CALLS have been made for Leeds to scrap seven years of work and ditch its planning blueprint.

The Leeds Unitary Development Plan, which will see Aireborough and Wharfedale through to 2006, could be adopted this summer.

Councillor Clive Fox (Con, Otley and Wharfedale) is calling for the council to scrap it and start a new plan.

But the council looks set to press ahead with the plan and believes another public inquiry would not be in the interest of

residents.

Coun Fox, who sits on the council's UDP Panel, says the revised draft UDP is flawed as it does not take into account new government guidelines about the use of previously developed 'brownfield' sites before greenbelt.

And at yesterday's full council meeting he was due to propose that the plan be dropped.

He said: "I believe that the plan is fundamentally flawed because it takes no account of government planning guidelines PPG3 which requires previously developed brownfield land to be developed before housing on greenfield sites can be considered.
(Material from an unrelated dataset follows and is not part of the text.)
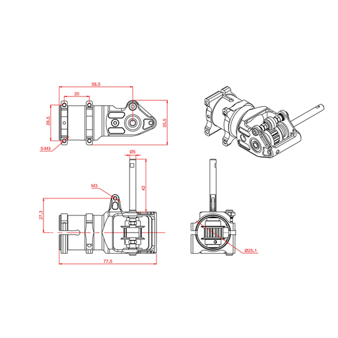 This product adopts 6061T6 aluminum alloy full CNC integrated molding processing, suitable for LOGO 550/600 models. The advantages of the integrated metal tail gear box group are that the box body is sturdy and the tail shaft bearing position is highly concentric, which can effectively reduce tail vibration. Double bearing anti-slip design, comes with anti-static function.

"Work should commence on a new UDP which fully takes into account the government's current planning guidelines."

Last week the council's Executive Board considered responses to modifications in the plan and agreed to press ahead.

It could have recommended a fresh public inquiry but heard that many objections brought up by residents during last year's public consultation had already been debated at the public inquiry in front of a government inspector.
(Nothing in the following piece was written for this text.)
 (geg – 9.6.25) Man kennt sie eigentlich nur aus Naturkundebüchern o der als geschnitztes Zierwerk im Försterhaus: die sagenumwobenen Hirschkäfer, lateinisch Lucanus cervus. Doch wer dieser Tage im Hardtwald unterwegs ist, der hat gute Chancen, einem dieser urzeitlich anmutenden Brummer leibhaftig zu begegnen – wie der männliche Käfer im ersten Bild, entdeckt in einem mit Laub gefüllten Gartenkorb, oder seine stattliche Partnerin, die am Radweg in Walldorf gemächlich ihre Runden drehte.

Members were told that there were new issues raised particularly to do with the new government guidelines concerning brownfield sites but that they could be dealt with through the UDP review or by the normal planning process.

A report to the board added that a second inquiry would mean further delay to the adoption of the plan which had already been in the making for more than seven years.

Coun Fox said once the plan is formally adopted green belt land could become developed.

And that last year's consultation into modifications proposed by the government inspector had been little more than a public relations exercise.

"Nearly 2,500 objections were received on 188 issues, a number of them extra housing sites in greenbelt identified by the inspector and all but a handful have been arbitrarily dismissed by the council's planners as being not new evidence and thus not worthy of consideration.

"The objectors included a dozen councillors and three MPs all of whom have been told effectively they were wasting their time."

Coun Fox said the council was basically ignoring the PPG3 guidelines.

"That is new evidence and the planners are hoping to get away with a bland addendum to the UDP which amounts to a token acknowledgement that PPG3 will need to be taken into consideration in due course. That is clearly nonsense as the planning minister Nick Raynsford has said on a number of occasions that PPG3 applies now, not when a local authority gets round to reviewing its planning policies."

He added that it seemed that the council was pressing for a plan to be in place as soon as possible.

'They seem to be saying life will come to an abrupt halt if there is no adopted UDP. "

l The plan will now be put on deposit to give people the chance to make comments on the new modifications. Only representations to the latest modifications will be taken into account.